Correlation of changes of light sensitivity and the time of photoresponse turn off in individual cells. On the Х-axis, the relative sensitivity of a cell to light is plotted, while the Y-axis shows the relative turn-off time constant of a rod. Each point represents one cell. A: Correlation graph for dopamine (at 0.1–50 µM; n = 37). B: Correlation graph for D₁R agonist SKF-38393 (at 0.1–50 µM; n = 38). C: Correlation graph for D₂R agonist quinpirole (at 2.5–50 µM; n = 30). D: Correlation graph for D₁–D₂ receptor agonist SKF-83959 (at 50 µM; n = 10).

Figure 8

Correlation of changes of light sensitivity and the size of “exchange current” in individual cells. On the Х-axis, the relative sensitivity of a cell to light is plotted; the Y-axis shows the relative “exchange current” magnitude of a rod. Each point represents one cell. A: Correlation graph for dopamine (at 50 µM; n = 6). B: Correlation graph for D₁R agonist SKF-38393 (at 50 µM; n = 7). C: Correlation graph for D₂R agonist quinpirole (50 µM; n = 5).
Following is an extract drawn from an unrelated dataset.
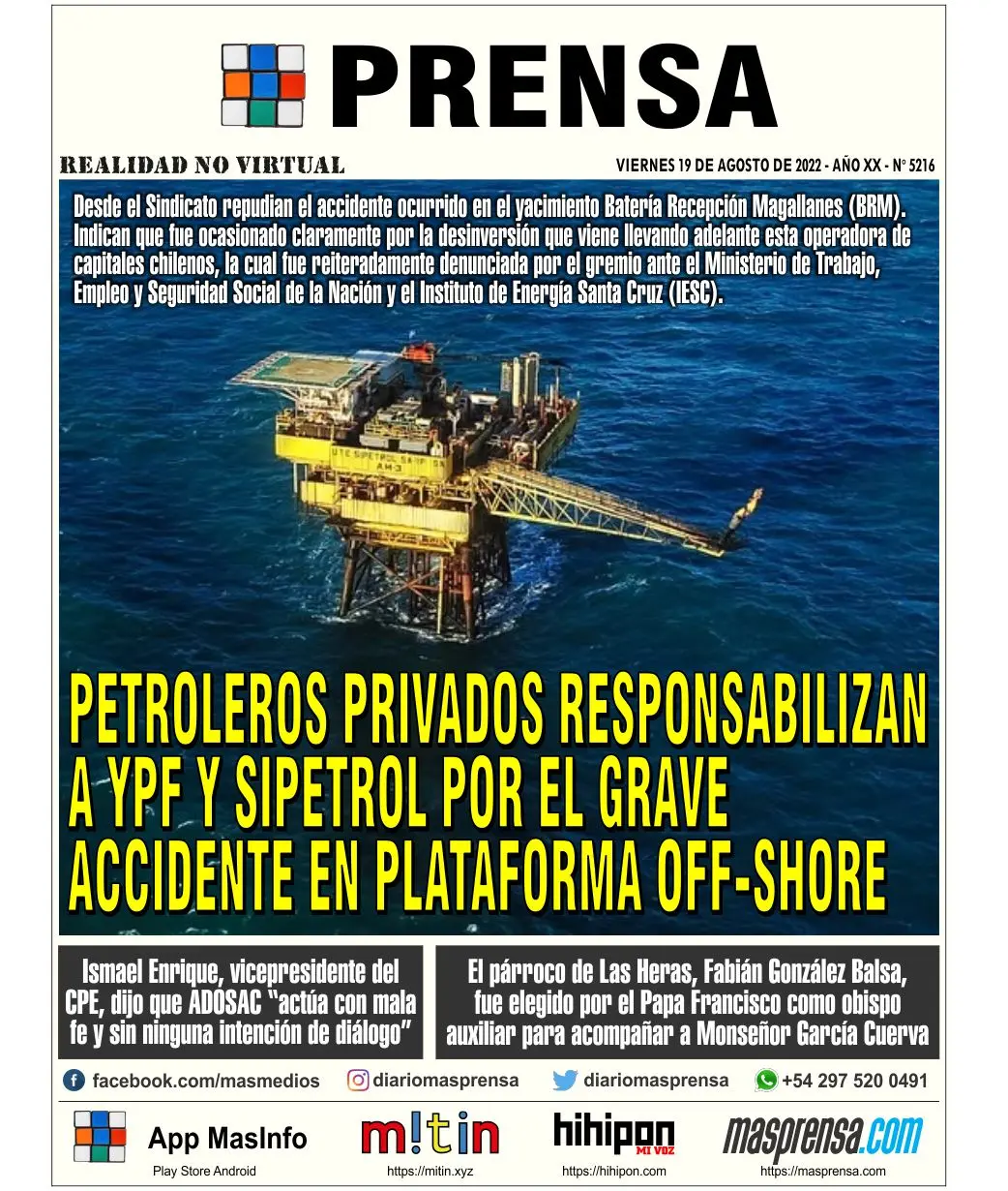 por Redaccion 18 de agosto de 2022 Responsabilizan a YPF y Sipetrol por grave accidente en plataforma off-shore y denuncian desinversión

D: Correlation graph for D₁–D₂ receptor agonist SKF-83959 (at 50 µM; n = 5).

Figure 9

Correlation of changes of light sensitivity and the time constant of “exchange current” in individual cells. On the Х-axis, the relative sensitivity of a cell to light is plotted; the Y-axis shows the relative “exchange current” magnitude of a rod. Each point represents one cell. A: Correlation graph for dopamine (at 50 µM; n = 6). B: Correlation graph for D₁R agonist SKF-38393 (at 50 µM; n = 7). C: Correlation graph for D₂R agonist quinpirole (50 µM; n = 5). D: Correlation graph for D₁–D₂ receptor agonist SKF-83959 (at 50 µM; n = 5).